If the Supplier allows a reasonable grace period set to lapse without remedying the goods or replacing them by goods free from defects, we shall be entitled to remedy the defect ourselves at the expense of the supplier or have it remedied by a third party (e.g. by means of a replacement delivery). The statutory provisions on the dispensability of setting a deadline and all legal rights due to defects shall remain unaffected.

The limitation period for claims for defects shall be two years, unless the law provides for longer limitation periods. The statutory provisions on the suspension of expiry for recourse claims shall remain unaffected.

The Supplier’s warranty and liability obligations shall be governed by the statutory provisions.

If any contractual penalty has been agreed, we may demand its payment even if we do not reserve the right to do so upon acceptance of the performance. However, the contractual penalty must be asserted at the latest at the time of final payment.

The Supplier shall indemnify and hold us harmless from any liability towards third parties arising from producer’s liability or product liability to the extent that Supplier is responsible for the product defect giving rise to the liability.

The Supplier shall be obliged to take out and maintain liability insurance with an appropriate coverage for personal injury and material damage.

The Supplier shall only be entitled to a right of set-off in the case of undisputed or legally established claims. The Supplier shall only be entitled to a right of retention in the case of such undisputed or legally established claims which originate from the same individual contractual relationship.

Supplier’s right to transfer its claims against us to third parties shall be excluded.

Supplier undertakes to support us at all times with the investigation of claims and the resolution of disputes relating to the its deliveries by making personnel available for interviews, providing access to documents and files, and supplying all information reasonably requested by us, and by assisting us in making any necessary notifications to the competent authorities.

The Supplier shall be obliged to keep confidential the confidential information received from us or brought to its knowledge, not to disclose it to third parties (subject to Clause 12.2) and to use it only insofar as this is necessary for the proper execution of the contractual relations.

The Supplier may only disclose confidential information to employees and consultants to the extent that this is necessary for the proper fulfilment of contractual relations. The Supplier shall be obliged to subject such employees and consultants to the confidentiality obligation referred to in Clause 12.1 and to prove this to us in writing upon request.

The confidentiality obligation shall not apply to information that was already in the public domain at the time it was communicated to the Supplier or which became public knowledge after it was communicated without the Supplier’s involvement.

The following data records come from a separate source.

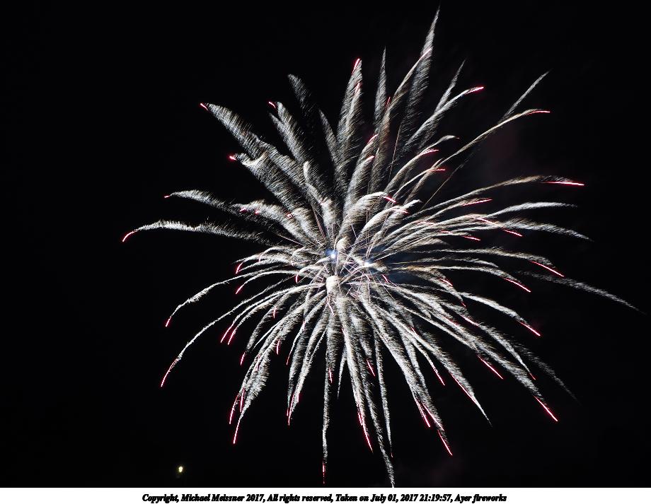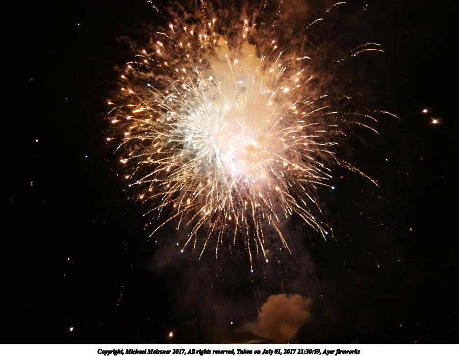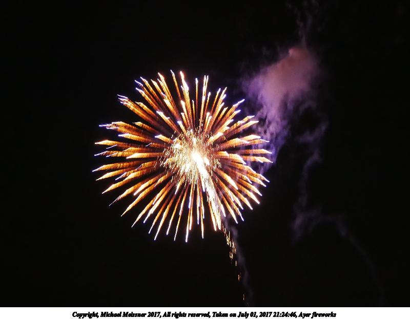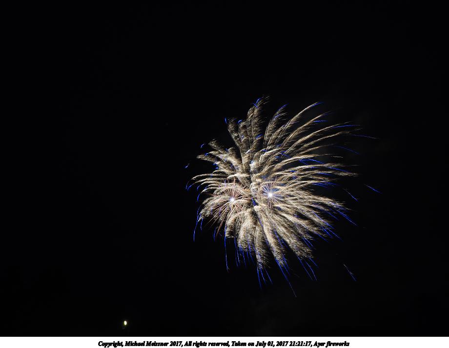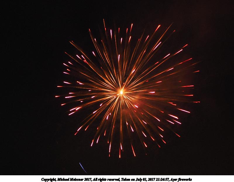 Picture #61: Ayer fireworks #10 1000x690, 91,773 bytes (90K), (html file) Copyright, Michael Meissner 2017, All rights reserved Olympus E-M1-I camera with Olympus-m43 12-40mm f/2.8 lens f/5.6, ISO 200, 8 sec, 12.0mm, manual mode, vivid color, SHQ, center weight metering, manual focus, noise reduction auto, noise filter low, live time/bulb, right eye priority 35mm equivalent focal length 24.0mm Programs used: crop, gimp Taken by Michael Meissner on July 01, 2017 21:25:11 Last modified on April 27, 2018 at 11:00 |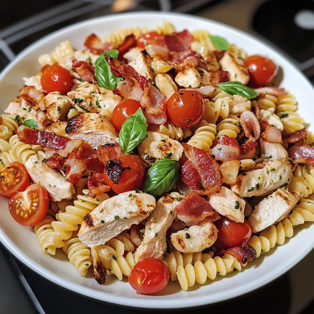 - In a large bowl, combine the cooked pasta, diced chicken, cherry tomatoes, and crumbled bacon.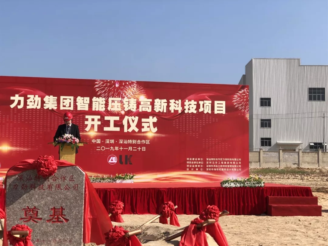 ????????11月20日,位于深汕特別合作區(qū)的力勁集團(tuán)智能壓鑄高新科技項(xiàng)目正式啟動,開工奠基儀式在今天舉行。力勁集團(tuán)創(chuàng)始人劉相尚先生、CEO劉卓銘先生、力勁集團(tuán)深圳領(lǐng)威科技有限公司總經(jīng)理潘玲玲女士、華南市場部總監(jiān)鄧毅明先生及項(xiàng)目總承包單位相關(guān)負(fù)責(zé)人等參加。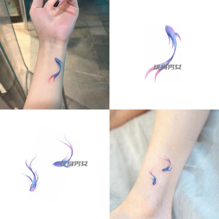 Tattoo sticker waterproof men and women lasting simulation of body sexy collarbone blue brocade carp stickers with wind-Taobao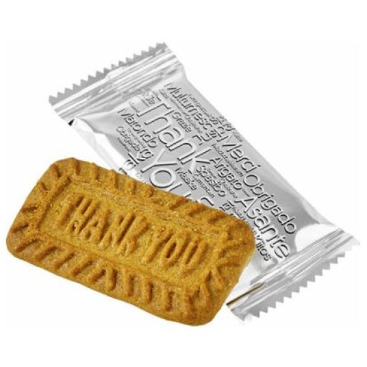 RIOBA Thank You Ciasteczka karmelowe 1,2 kg to indywidualnie pakowane ciasteczka o karmelowym smaku. Stanowią praktyczny i estetyczny poczęstunek do biurowej recepcji, sal konferencyjnych i stref kawowych.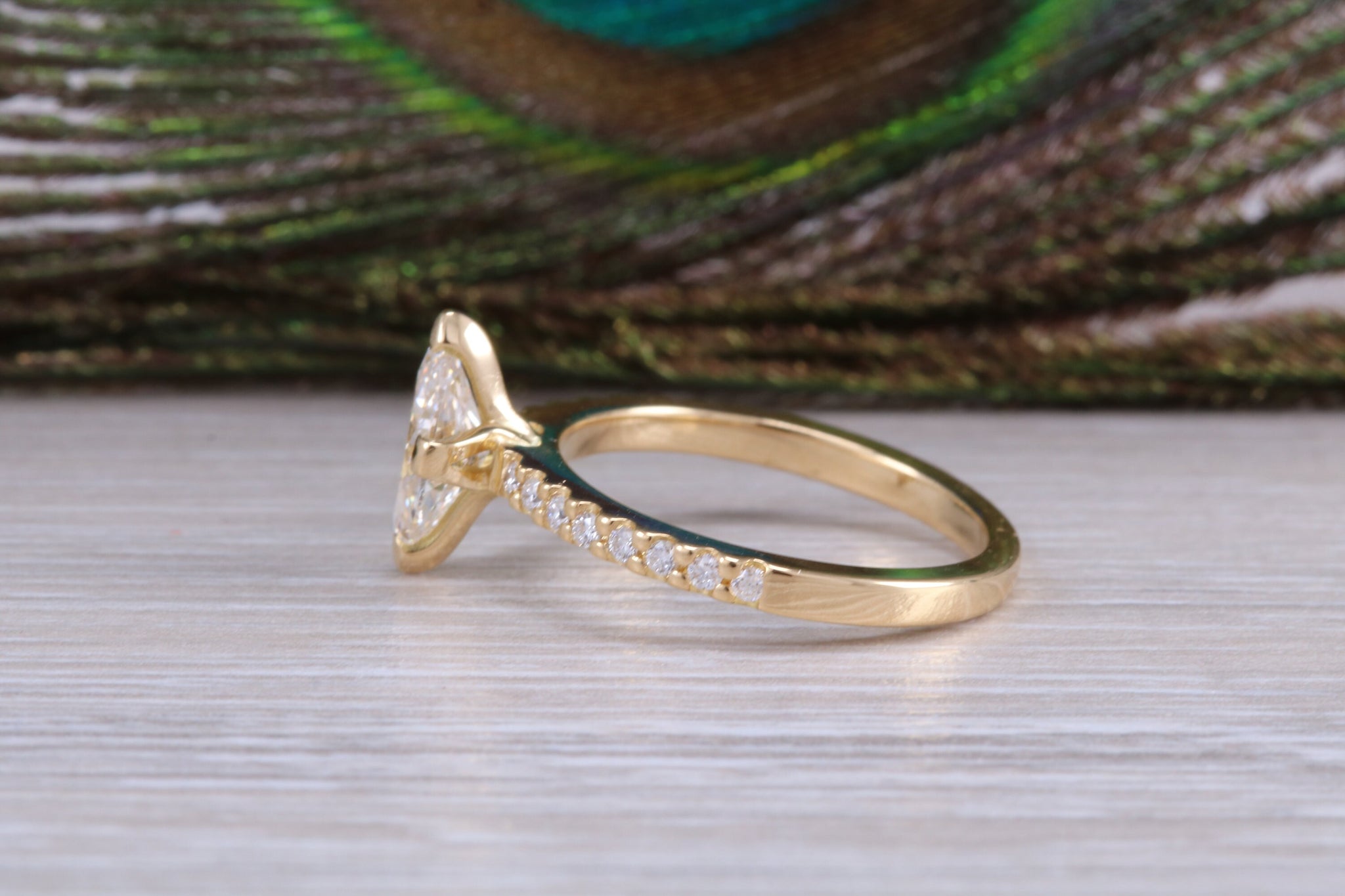 Natural Marquise Cut Diamond weigh's 0.50 carat and top grade of F Colour and VS 2 Clarity with a certificate and further complemented with 0.15 carats of round cut diamonds to the sides all put together in this minimalist style 18ct yellow gold ring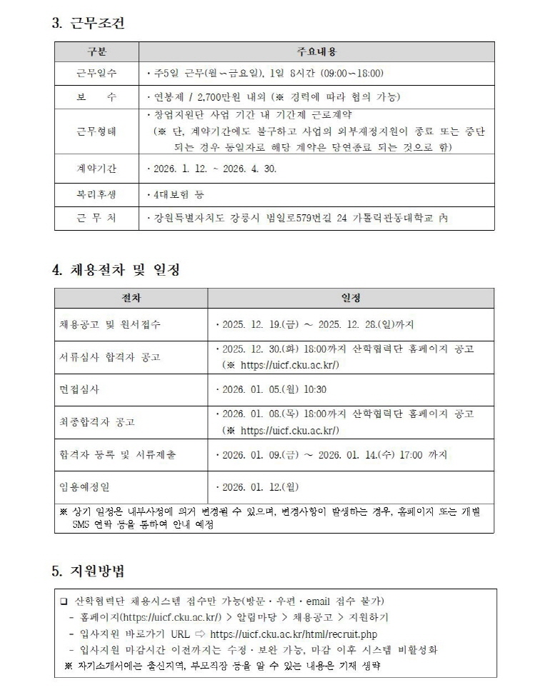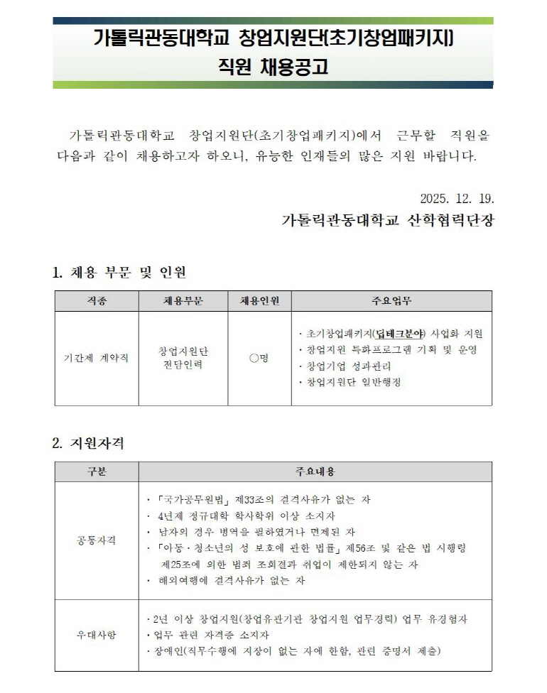 가톨릭관동대학교 창업지원단(초기창업패키지) 직원 채용공고(2026.1.12 임용예정)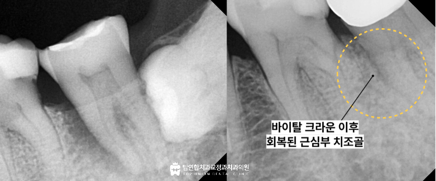 근심 부분의 파괴되었던 치조골이 회복 양상을 보였습니다.

The disclosure of confidential information and corresponding documents shall not create any rights to our industrial property rights, our know-how or our copyrights.

The place of performance for the delivery of the goods shall be the destination named by us. The place of performance for our payments shall be the place of our registered office under commercial law.

The place of jurisdiction for all disputes arising from these GTP shall be Brugg (Canton of Aargau, Switzerland). However, instead of the aforementioned court, we shall be entitled to invoke any other court having jurisdiction according to the statutory provisions, in particular the Aargau Commercial Court in Aarau (Canton of Aargau, Switzerland).

Swiss substantive law is applicable to these GTP under exclusion of the UN Convention on Contracts for the International Sale of Goods (CISG). Swiss substantive law shall apply to these GTP under exclusion of the UN Convention on Contracts for the International Sale of Goods (CISG).